Friday, March 28, 2014
posted by Rita Handrich

blind-spotThe study of bias fascinates us. We can easily spot prejudice in others but are oblivious to our own biases. We often ask a question at the end of a research project about community values and whether our (uniformly unbiased and considerate) mock jurors think others in the area would be biased against a party involved in the lawsuit about which they have just heard. Maybe the off-topic and irrelevant bias (perhaps religion, country of origin, ability to speak English, thick accent, appearing to be a gang member, sexual orientation, marital fidelity, obesity, etc.). Typically, the answer is, “Well, it doesn’t make a difference to me but it sure would to a lot of other people who live around here!” This response is shared in all sincerity and good faith by individuals who truly do not see themselves as biased.

The problem, as pointed out by today’s researchers, is that none of us see ourselves as having blind spots. We’re better than that–especially when forewarned that biased decision-making could lie ahead. As sensible and logical and rational as that perspective may seem, it simply doesn’t appear to be true. We’ve written about Emily Pronin’s work on the bias blind spot a couple of times before but she has a new article out that illustrates beautifully what we see often in our pretrial research.

Researchers did two different experiments in which they had participants “rate the artistic merit” of a series of 80 different paintings. The first two experiments used undergraduates from Princeton University (63 female and 38 male in the first experiment and 47 female and 27 male in the second experiment).

In experiment 1, half of the participants were told to press a button and the name of the artist would flash onto the computer screen while others were not told to do so and thus evaluated the “artistic merit” of the painting without knowing who had painted it.
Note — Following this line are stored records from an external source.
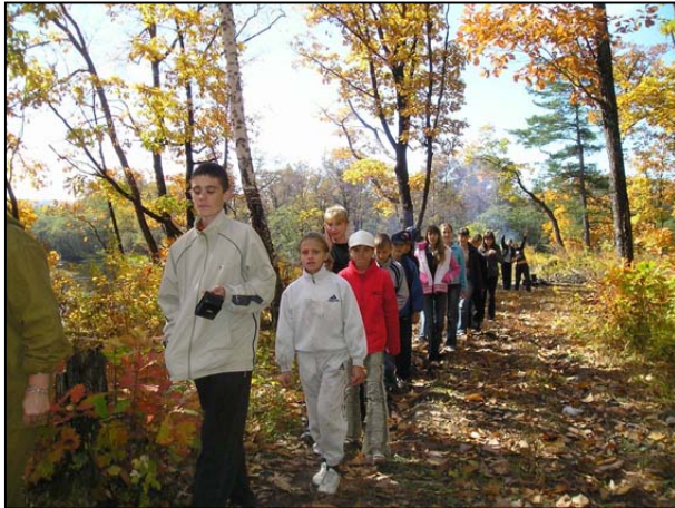
Excursion to the forest

the environment that is caused by the waste that stay decomposed for many years, but also learned in practice how to press empty tetra pack cartons and plastic bottles to minimize the damage to the environment. During the lessons children also talked about food waste. They not only observed how animals, living in the pet's corner of "Flowerspring" eco-centre, were eating watermelon peels, but also learned about Californian worm - a specific species of earth worms that can quickly process domestic waste into humus.
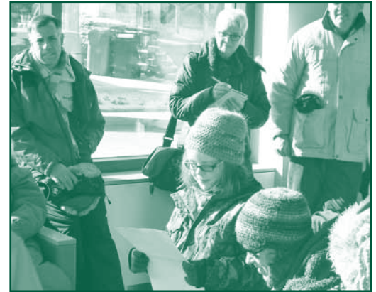
A NE Urban 4H member reads facts about one of the presidents at Northeast Library
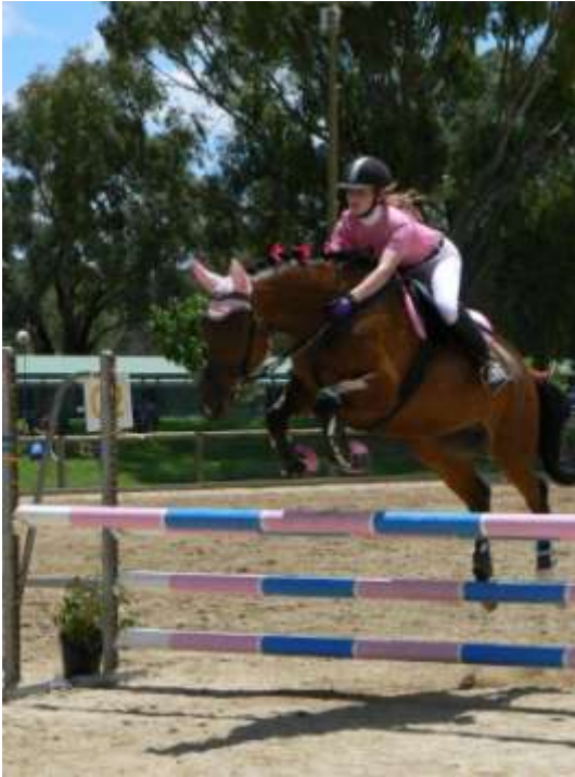
The Pink Rug and Sash Winner
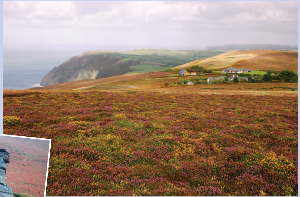
Above: View from Holdstone Hill
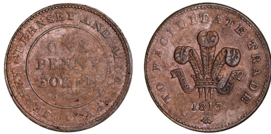
1500* Channel Islands, Jersey, Guernsey and Alderney, copper penny, 1813 (W.2044), die axis coinage style. Good very fine.
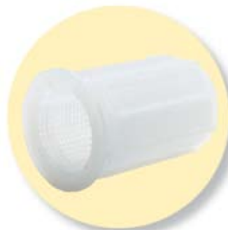
Extra large filter screen (the largest in its class!) traps more debris without clogging.
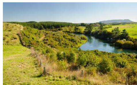
Riparian replanting and protection on the Waikato River, New Zealand.

Researchers in New Zealand have assessed the effectiveness of riparian buffers in terms of impact on water quality and the macroinvertebrate community. In New Zealand, around half of the lowland water bodies do not meet water quality standards and there have been many projects over the past 30 years to restore riparian areas. The researchers found there were some improvements associated with riparian restoration but these were not consistent across all sites. Restoration increased dissolved oxygen and decreased turbidity but the macroinvertebrate response varied. Read more of this research by Collins and others in Restoration Ecology : http://dx.doi.org/10.1111/j.1526-100X.2011.00859.x .
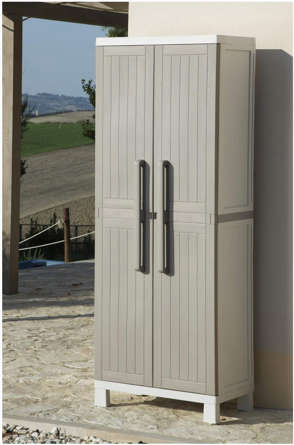
The Toomax Wood Midi Broom Cabinet provides versatile storage for various environments.
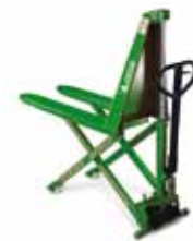
CE100HL - 100HLE

For those participants that saw the name of the painter, half of the paintings were identified as being created by a famous artist and half attributed to random names (i.e., “an unknown artist”) culled from a print telephone directory.

Not surprisingly, the participants who saw the artist names rated the merit of the paintings attributed to famous artists as higher than the unknown artist’s work. Those who did not see the artist name rated the two groups of paintings the same in terms of artistic merit. Those who saw the artist name acknowledged the knowledge was biasing but believed their final answers were as objective as if they had not seen the artist name. (Alas, they were incorrect.)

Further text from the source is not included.